How do we get good entries with breakout trading? Buying a full position after a breakout isn’t always optimal, as breakouts can fail.
The 4 types of buy points
Often, a market will go through a series of technical events before making a breakout. I like scaling in if/when those events occur:
Let’s look at an example using Bitcoin over the past 4 months. In June, it was clear that Bitcoin had formed a clear support level:
Then in late July, Bitcoin fell below that support level, before reversing higher a couple days later. This is called a failed breakdown, and it gave us our first entry at roughly $33K.
2 months later in late Sept, we got our second entry at $42K. This is what I call a pullback within an uptrend. Price hit a clear support level that served as the next stop level.
Finally, BTC made a breakout less than 2 weeks ago. This gave us our third entry at $62K.
Assuming the same dollar amount was used for each of the 3 trades, the average entry price on our BTC position becomes $43K. If this proves to be a failed breakout in BTC, we have plenty of profit cushion to exit our position.

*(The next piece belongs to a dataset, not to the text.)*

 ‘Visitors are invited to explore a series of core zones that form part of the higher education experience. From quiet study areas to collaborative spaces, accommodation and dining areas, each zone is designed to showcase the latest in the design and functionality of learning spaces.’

Pros & Cons of each entry point:
The false breakdown is great in that it gives us a low entry price and the potential for a large and sudden move to the upside. However, price is still in a bigger downtrend (momentum is weak) and so the market is susceptible to rolling back down.
The breakout is great because we have momentum on our side. However, our entry price is higher.
The pullback within an uptrend is a mix of the above 2: We get decent (not amazing) price and momentum.
By buying a little at each, you diversify your entry and lower risk.
Trading off charts requires a ton of patience.
First, wait for strong support & resistance levels to be hit or breached.
Second, there’s a lot of day-day noise in the markets. What looked like an event on Monday, could no longer be valid by Friday. This is why I use weekly charts and I wait for the week to finish before placing a trade. This gives added confirmation that the move is real.
Important Disclaimer: This blog is for educational purposes only. I am not a financial advisor and nothing I post is investment advice. The securities I discuss are considered highly risky so do your own due diligence.